--- WHAT TO WORK ON ---
Nothing is needed except the lines below that run from the one with "点击【维护办税员列表】里的【已匹配】列的蓝色数字进入办税员绑定客户列表" through the one with "美國(guó)加利福尼亞州洛", repeated exactly.

--- MATERIAL FOR THIS TASK ---
==============================
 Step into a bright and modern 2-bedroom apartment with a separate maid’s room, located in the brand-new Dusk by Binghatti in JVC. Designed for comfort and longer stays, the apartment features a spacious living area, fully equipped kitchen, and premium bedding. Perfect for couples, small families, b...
==============================
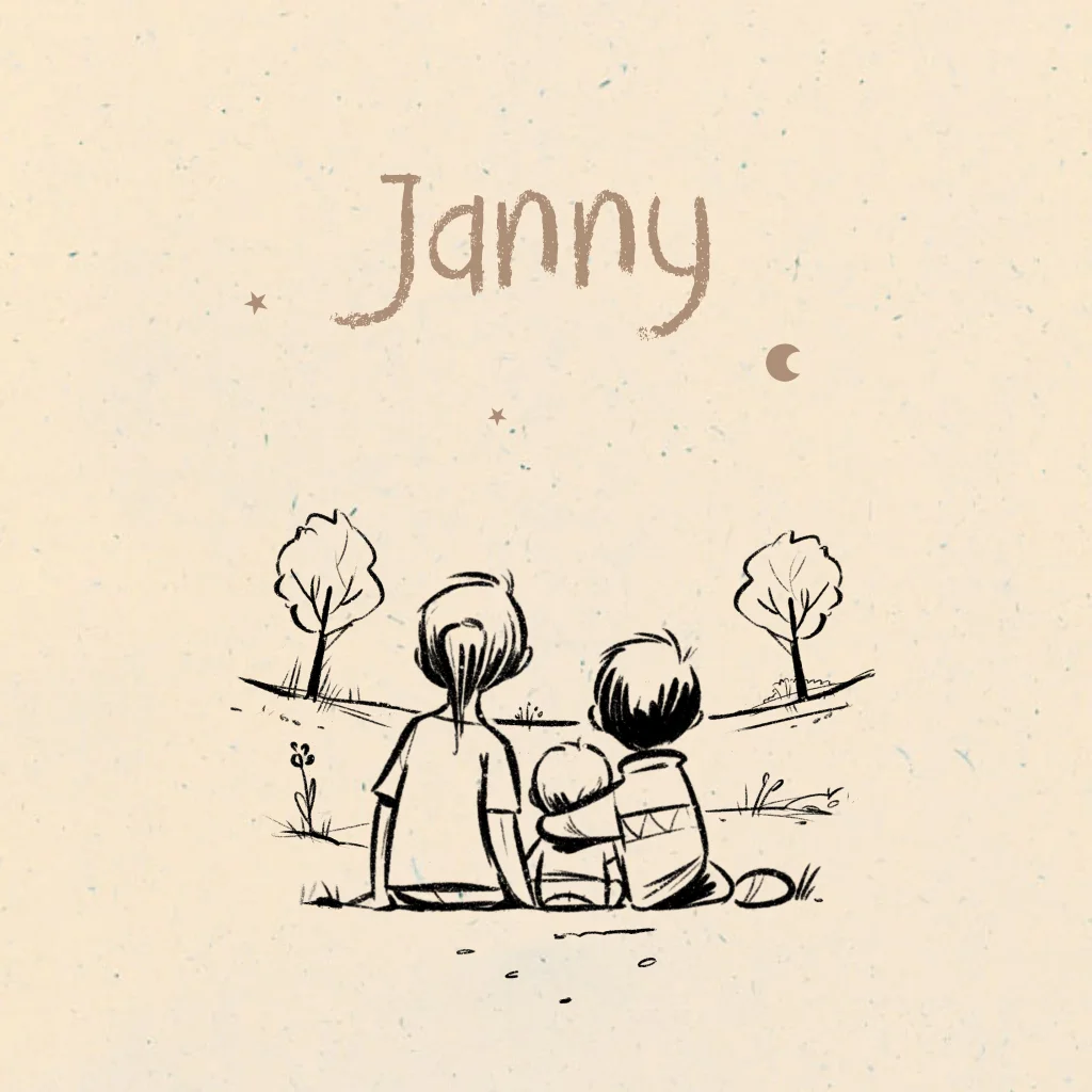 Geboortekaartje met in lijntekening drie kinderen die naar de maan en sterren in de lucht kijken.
==============================
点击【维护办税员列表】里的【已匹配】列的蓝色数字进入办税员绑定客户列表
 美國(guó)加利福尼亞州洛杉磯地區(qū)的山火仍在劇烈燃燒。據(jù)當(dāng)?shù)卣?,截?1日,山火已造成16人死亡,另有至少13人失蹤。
==============================
--- OUTPUT FOR THIS TASK ---
点击【维护办税员列表】里的【已匹配】列的蓝色数字进入办税员绑定客户列表
 美國(guó)加利福尼亞州洛杉磯地區(qū)的山火仍在劇烈燃燒。據(jù)當(dāng)?shù)卣?,截?1日,山火已造成16人死亡,另有至少13人失蹤。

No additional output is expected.